Python image processing seven: image spatial sharpening

1. Image edge detection

Differential operators, which can be used for edge detection and feature extraction. The filtering operation is performed through the filters module in the skimage library
.

1. Roberts operator

Roberts operator is used to detect edges,

Calling format:
edges=filters.roberts(image)
can also use Roberts' cross kernel to filter to achieve the purpose of detecting cross edges.
The function corresponding to the positive diagonal difference operator is: roberts_pos_diag(image)
The function corresponding to the negative diagonal difference operator is: roberts_neg_diag(image)

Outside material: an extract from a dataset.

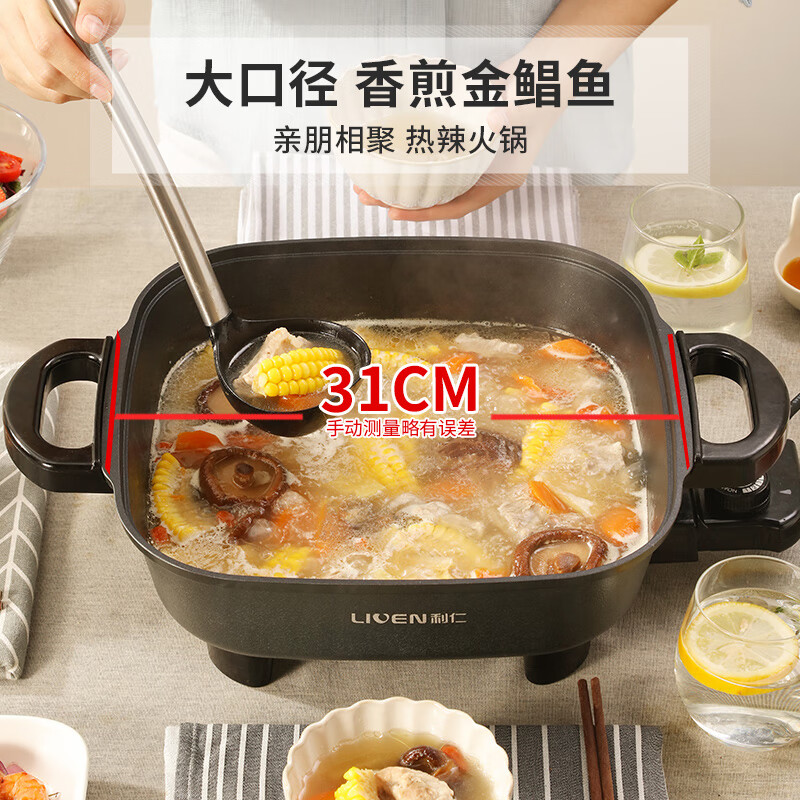 利仁(Liven)电煮锅电炒锅电火锅专用锅火锅锅具多功能小电锅多用途锅电热锅宿舍煮面泡面锅烤肉锅5.5L DHG-558价格:119.00元!

Example 1: Read in a digital image and use the Roberts operator to detect the edge of the image. The code example is as follows:

from skimage import data,filters,io 
import matplotlib.pyplot as plt 
from matplotlib.font_manager import FontProperties 
font_set=FontProperties(fname=r"c:\windows\fonts\simsun.ttc",size=12)

img=data.camera()

dst_neg=filters.roberts_neg_diag(img) 
dst_pos=filters.roberts_pos_diag(img) 
dst=filters.roberts(img)

plt.figure('filters',figsize=(8,8))

plt.subplot(221)
plt.title('原图像',fontproperties=font_set) 
plt.imshow(img,plt.cm.gray)

plt.subplot(222) 
plt.title('负对角线算子',fontproperties=font_set) 
plt.imshow(dst_neg,plt.cm.gray)

plt.subplot(223) 
plt.title('正对角线算子',fontproperties=font_set) 
plt.imshow(dst_pos,plt.cm.gray)

plt.subplot(224) 
plt.title('Robers 算子',fontproperties=font_set) 
plt.imshow(dst,plt.cm.gray)
plt.show()

output:
accc

2. Sobel operator

The calling format of the sobel operator function is:

edges=filters.sobel(image)
The function corresponding to the horizontal edge detection operator is: sobel_h(image)
The function corresponding to the vertical edge detection operator is: sobel_v(image)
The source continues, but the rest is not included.